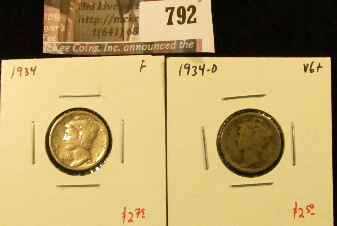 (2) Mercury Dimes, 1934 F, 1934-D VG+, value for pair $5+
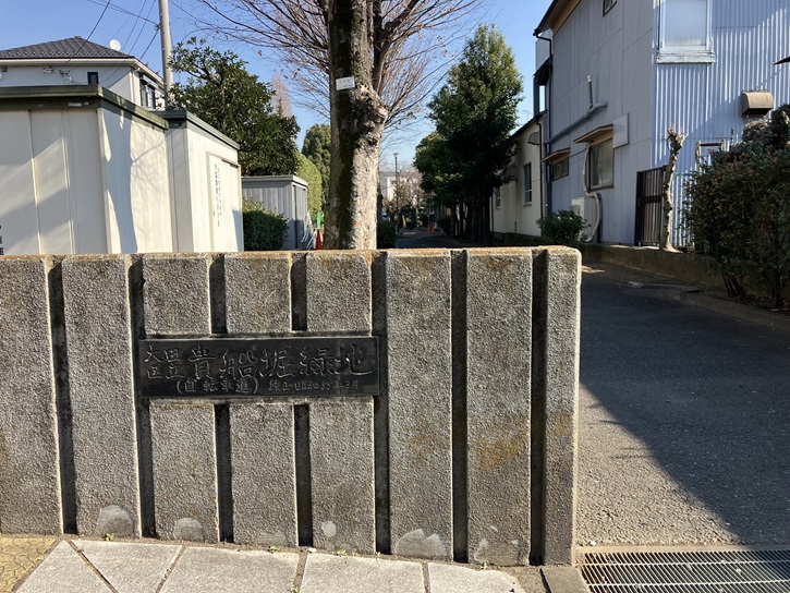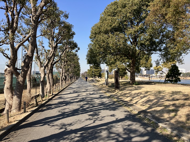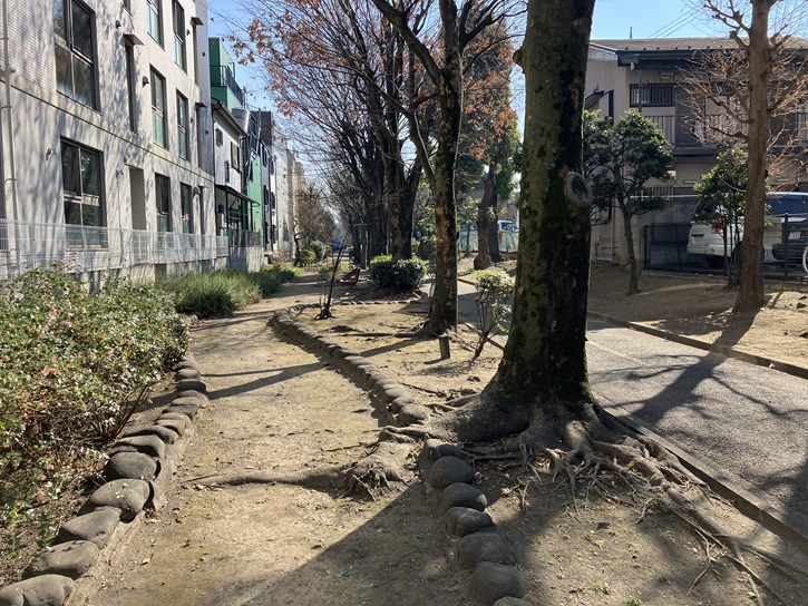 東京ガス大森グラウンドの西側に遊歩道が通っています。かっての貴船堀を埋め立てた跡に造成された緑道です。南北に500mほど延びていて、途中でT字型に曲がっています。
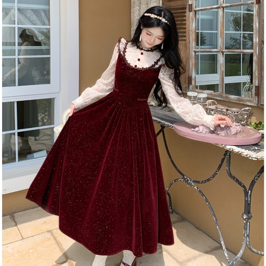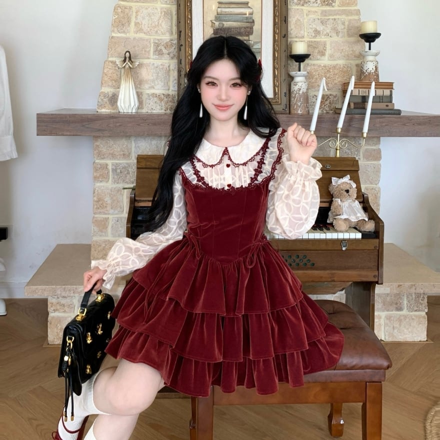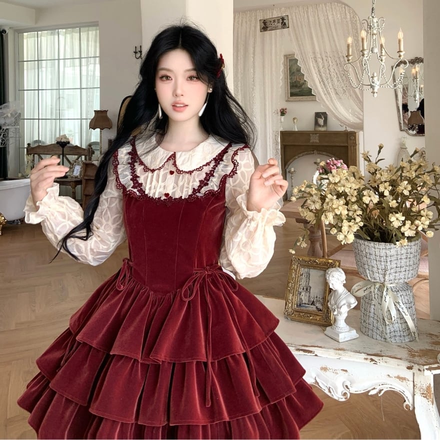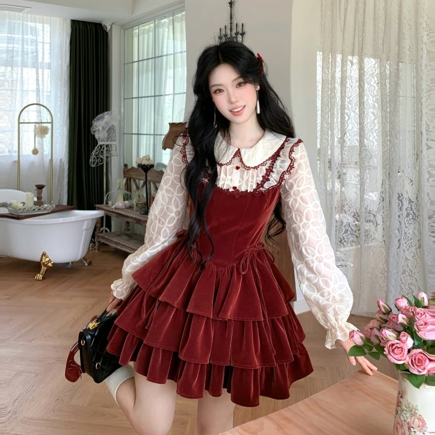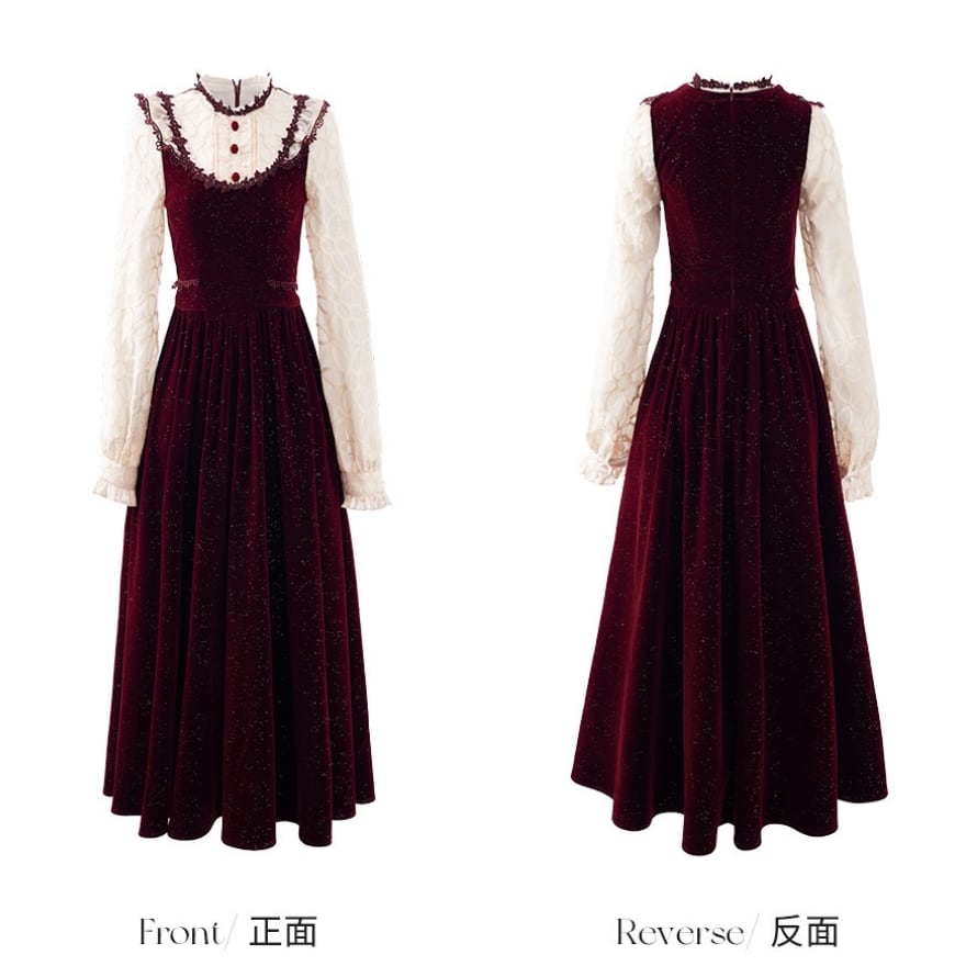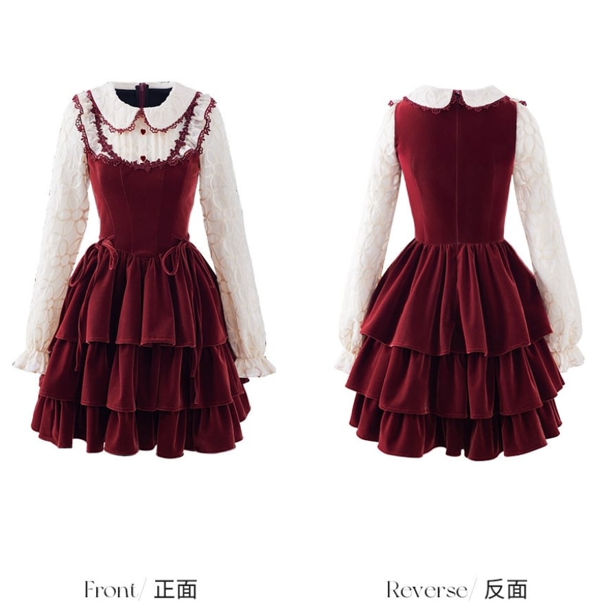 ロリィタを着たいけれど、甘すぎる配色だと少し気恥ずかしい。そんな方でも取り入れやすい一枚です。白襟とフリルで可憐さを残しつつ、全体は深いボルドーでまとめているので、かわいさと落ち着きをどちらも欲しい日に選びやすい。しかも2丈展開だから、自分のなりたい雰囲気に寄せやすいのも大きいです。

* * *

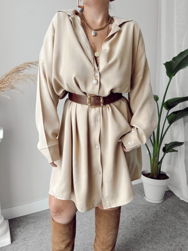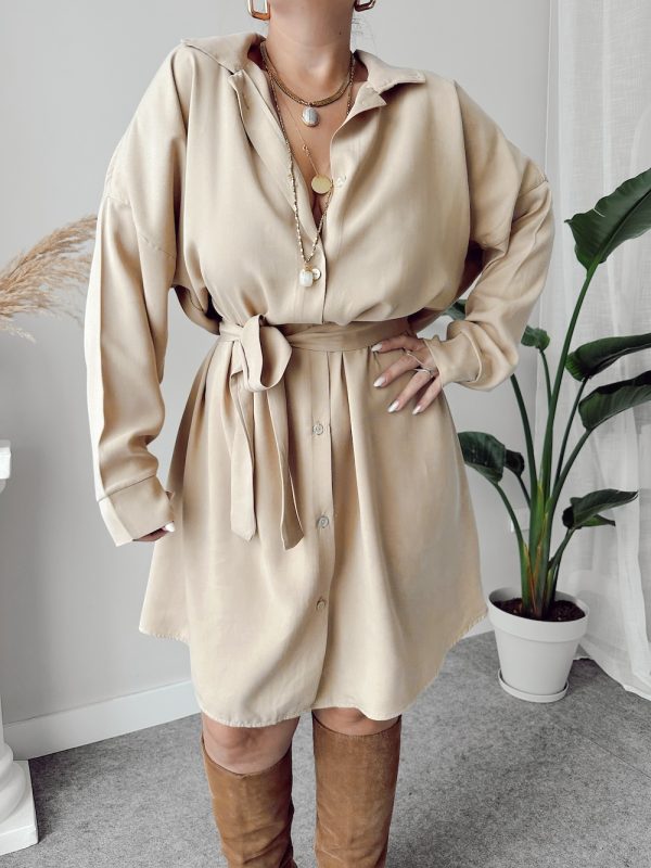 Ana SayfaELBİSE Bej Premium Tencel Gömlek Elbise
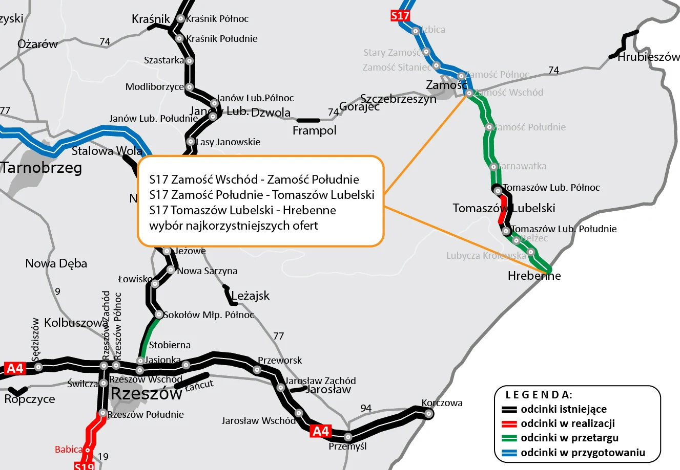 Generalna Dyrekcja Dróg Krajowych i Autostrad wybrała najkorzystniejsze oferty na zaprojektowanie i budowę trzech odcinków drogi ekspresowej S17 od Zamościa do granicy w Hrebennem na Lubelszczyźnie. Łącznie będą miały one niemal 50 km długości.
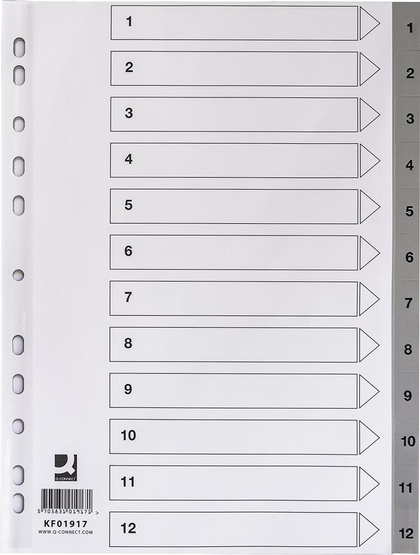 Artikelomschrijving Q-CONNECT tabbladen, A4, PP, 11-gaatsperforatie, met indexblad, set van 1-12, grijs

...

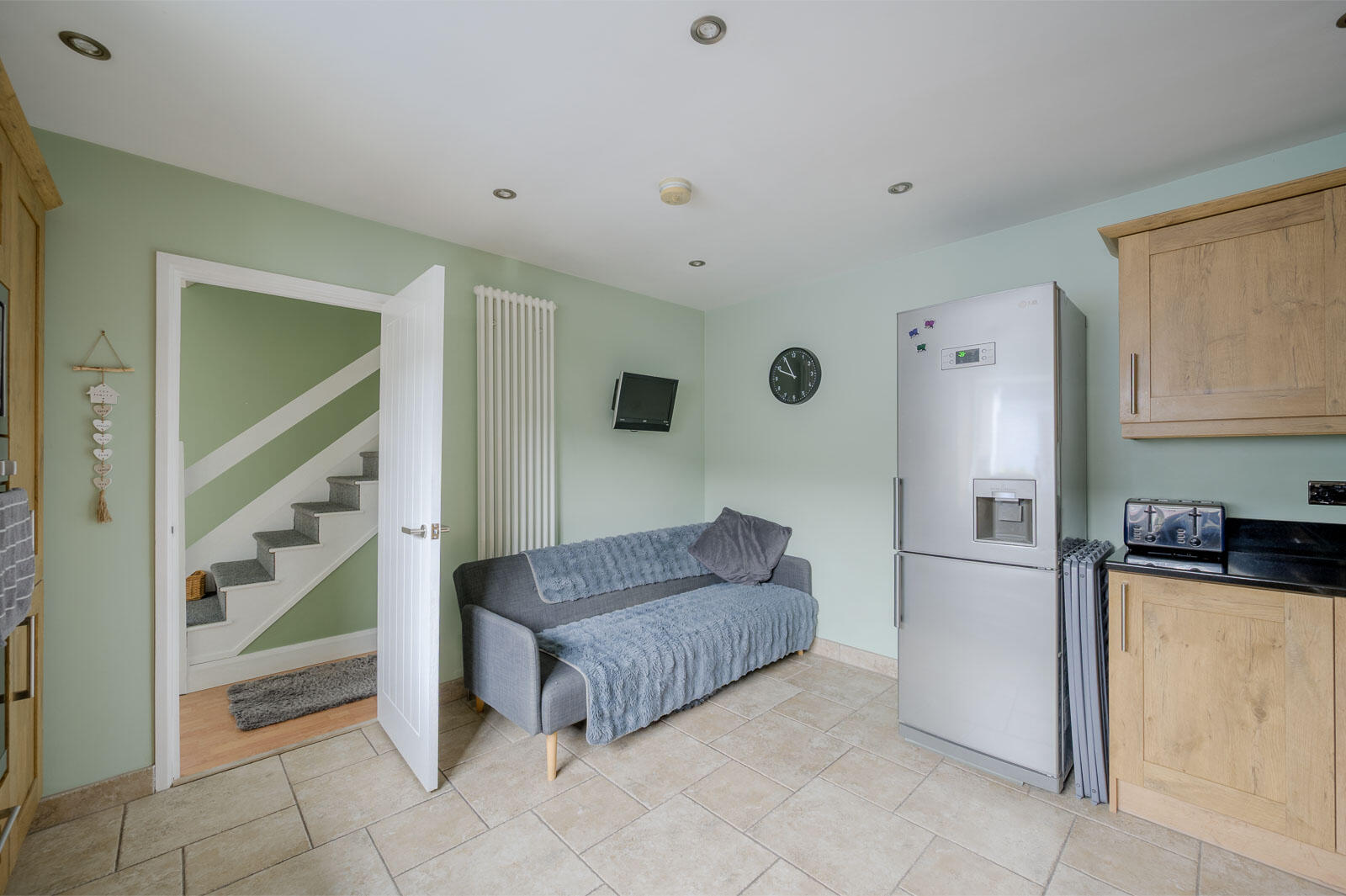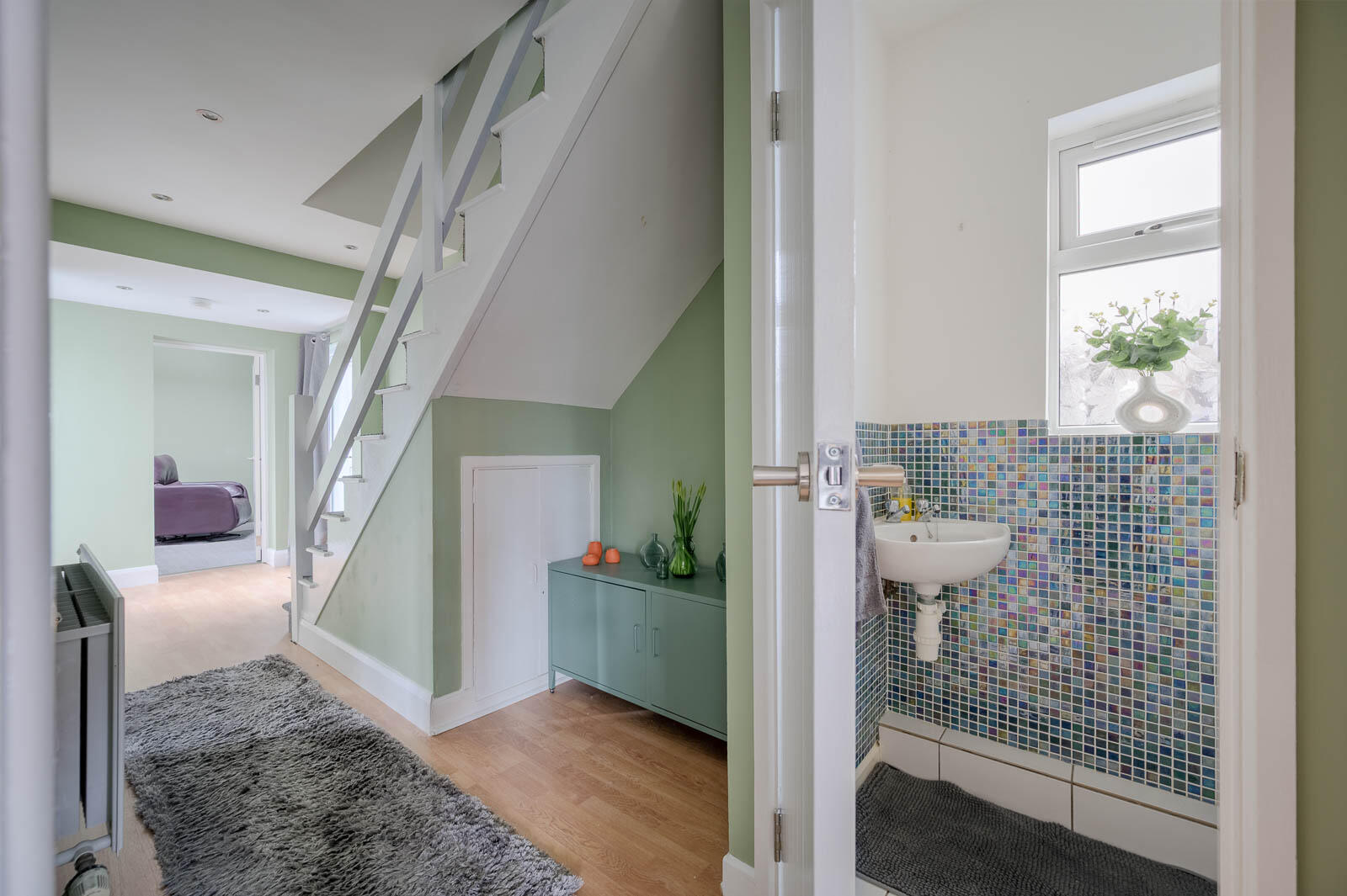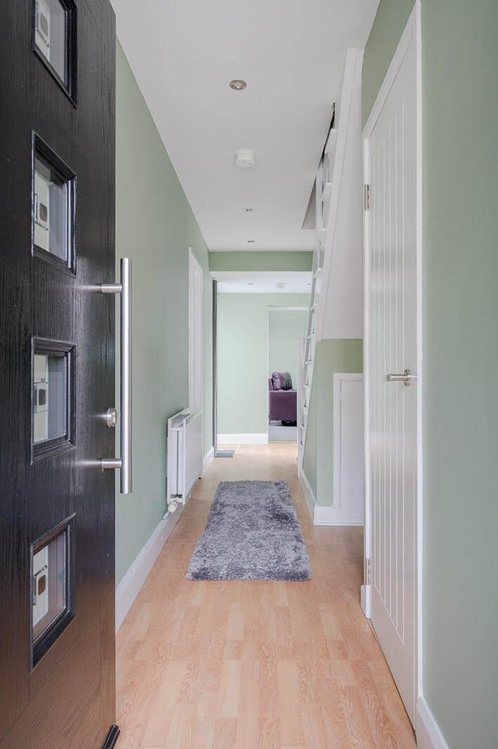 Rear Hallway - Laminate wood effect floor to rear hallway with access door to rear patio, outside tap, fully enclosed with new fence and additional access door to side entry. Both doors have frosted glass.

Work instructions:
Once the line with "Generalna Dyrekcja Dróg" is found above, print it and every line after it through the line with "van 1-12, grijs", exactly. Pictures stay out.

Written solution:
 Generalna Dyrekcja Dróg Krajowych i Autostrad wybrała najkorzystniejsze oferty na zaprojektowanie i budowę trzech odcinków drogi ekspresowej S17 od Zamościa do granicy w Hrebennem na Lubelszczyźnie. Łącznie będą miały one niemal 50 km długości.
 Artikelomschrijving Q-CONNECT tabbladen, A4, PP, 11-gaatsperforatie, met indexblad, set van 1-12, grijs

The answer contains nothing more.